> [MATERIAL FOR THIS TASK]:
______

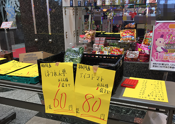 取材時の店内では野菜の販売もおこなわれており、こちらも好評。遊技以外でも楽しめる印象を受けた。
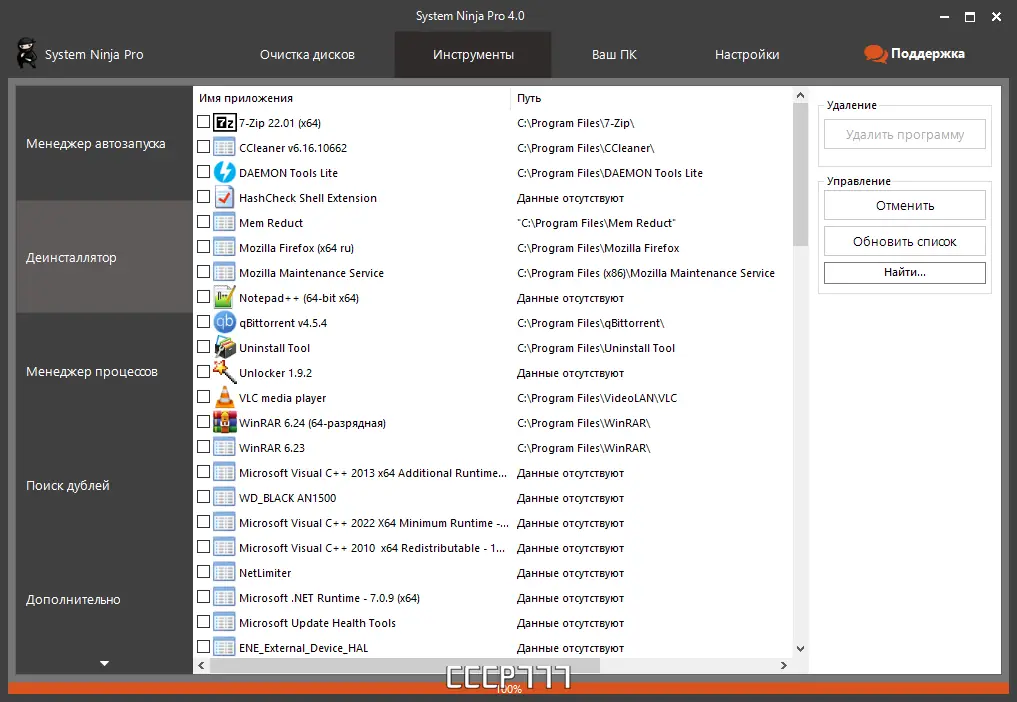 System Ninja — это быстрое и эффективное решение для оптимизации ПК на базе ОС Microsoft Windows. Программа предназначена для аккуратного удаления файлового «мусора», повышения скорости системы и устранения различных проблем. Одной из ключевых особенностей является поиск «мусора» по всей файловой системе, что позволяет проводить тщательное очищение. После сканирования пользователю предоставляется подробный отчет со всей информацией, чтобы он мог самостоятельно решить, что оставить, а что удалить. Удобный интерфейс упрощает настройку параметров сканирования, а включенные инструменты, такие как менеджер автозапуска, деинсталлятор или поиск дубликатов, делают утилиту универсальным средством для обслуживания системы.
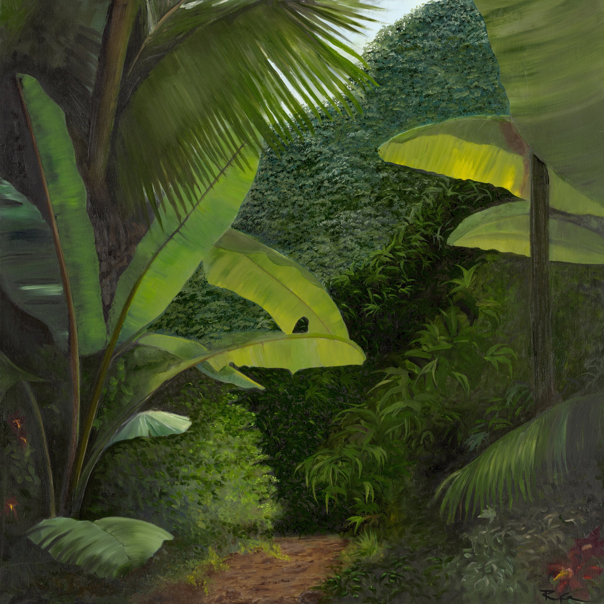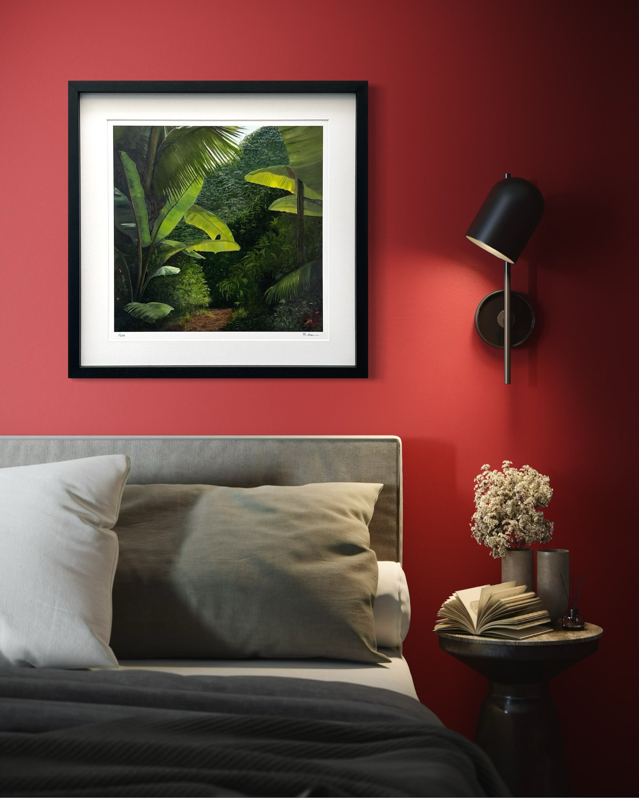 This immersive artwork invites the viewer into dense greenery, with layered leaves, soft light, and a winding path creating a strong sense of depth and quiet movement. The rich green palette and enclosed composition invite peaceful reflection, making this piece an elegant tropical wall art print for any interior space.
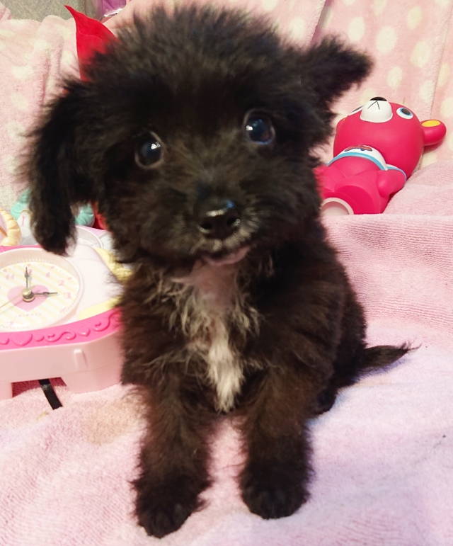 | コメント | お父さん・・ヨークシャーテリア お母さん・・プードル まん丸なくりくりお目目が 可愛い男の子です 毛質はストレートに近くさらさらしています 抜け毛はほとんど気になりません 胸と顎に有る白い毛が可愛いポイントです 比較的おとなしめな性格で甘えっ子です 今は兄妹でコロコロ仲良く遊んだり喧嘩を してみたり色々と勉強中の様です 大人になって3kg前後の可愛いサイズの 仕上がり予想です 健康診断、1回目のワクチン済みました 生涯家族の一員として可愛がって 下さる方を希望致します |
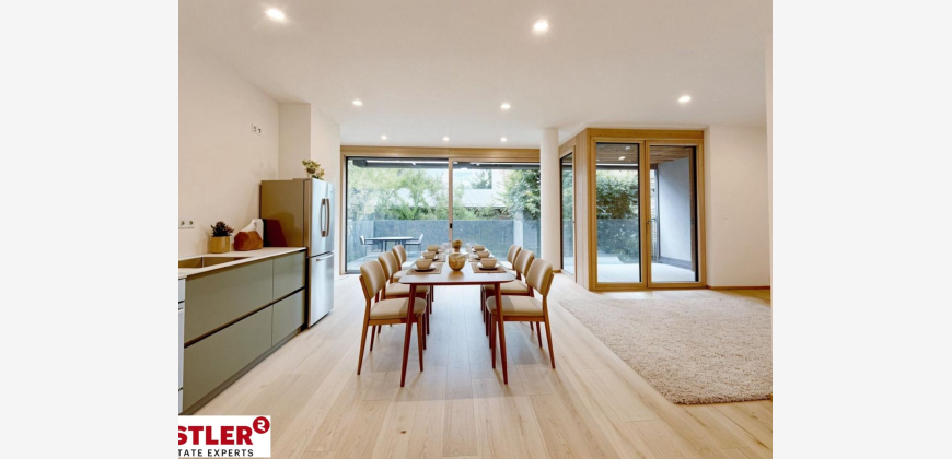 Im 1. Obergeschoss erwartet Sie eine moderne Wohnung mit ca. 75,9 m² Wohnfläche und ca. 17,7 m² Loggiaflächen. Das Herzstück bildet die ca. 35 m² große Wohnküche mit Zugang zu zwei Loggien. Zwei weitere Zimmer (ca. 13 m² und 10 m²) eignen sich flexibel als Schlaf-, Arbeits- oder Gästezimmer. Modernes Bad mit Dusche und Vollholz-Waschtisch, separates Gäste-WC, Abstellraum, Vorraum und Technikraum mit Waschmaschinenanschluss runden das Raumangebot ab. Highlights:
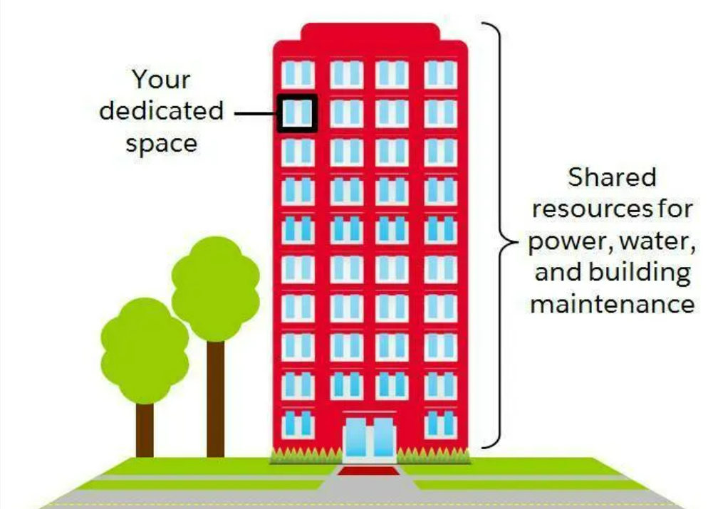 아파트를 예로 설명하자면 입주민들이 물과 전력, 그리고 건물등을 공유하는 상황으로 비유할 수 있겠네요.

______

Write every record out again exactly, omitting the pictures they hold.

> [EXPECTED OUTPUT]:
 取材時の店内では野菜の販売もおこなわれており、こちらも好評。遊技以外でも楽しめる印象を受けた。
 System Ninja — это быстрое и эффективное решение для оптимизации ПК на базе ОС Microsoft Windows. Программа предназначена для аккуратного удаления файлового «мусора», повышения скорости системы и устранения различных проблем. Одной из ключевых особенностей является поиск «мусора» по всей файловой системе, что позволяет проводить тщательное очищение. После сканирования пользователю предоставляется подробный отчет со всей информацией, чтобы он мог самостоятельно решить, что оставить, а что удалить. Удобный интерфейс упрощает настройку параметров сканирования, а включенные инструменты, такие как менеджер автозапуска, деинсталлятор или поиск дубликатов, делают утилиту универсальным средством для обслуживания системы.
 This immersive artwork invites the viewer into dense greenery, with layered leaves, soft light, and a winding path creating a strong sense of depth and quiet movement. The rich green palette and enclosed composition invite peaceful reflection, making this piece an elegant tropical wall art print for any interior space.
 | コメント | お父さん・・ヨークシャーテリア お母さん・・プードル まん丸なくりくりお目目が 可愛い男の子です 毛質はストレートに近くさらさらしています 抜け毛はほとんど気になりません 胸と顎に有る白い毛が可愛いポイントです 比較的おとなしめな性格で甘えっ子です 今は兄妹でコロコロ仲良く遊んだり喧嘩を してみたり色々と勉強中の様です 大人になって3kg前後の可愛いサイズの 仕上がり予想です 健康診断、1回目のワクチン済みました 生涯家族の一員として可愛がって 下さる方を希望致します |
 Im 1. Obergeschoss erwartet Sie eine moderne Wohnung mit ca. 75,9 m² Wohnfläche und ca. 17,7 m² Loggiaflächen. Das Herzstück bildet die ca. 35 m² große Wohnküche mit Zugang zu zwei Loggien. Zwei weitere Zimmer (ca. 13 m² und 10 m²) eignen sich flexibel als Schlaf-, Arbeits- oder Gästezimmer. Modernes Bad mit Dusche und Vollholz-Waschtisch, separates Gäste-WC, Abstellraum, Vorraum und Technikraum mit Waschmaschinenanschluss runden das Raumangebot ab. Highlights:
 아파트를 예로 설명하자면 입주민들이 물과 전력, 그리고 건물등을 공유하는 상황으로 비유할 수 있겠네요.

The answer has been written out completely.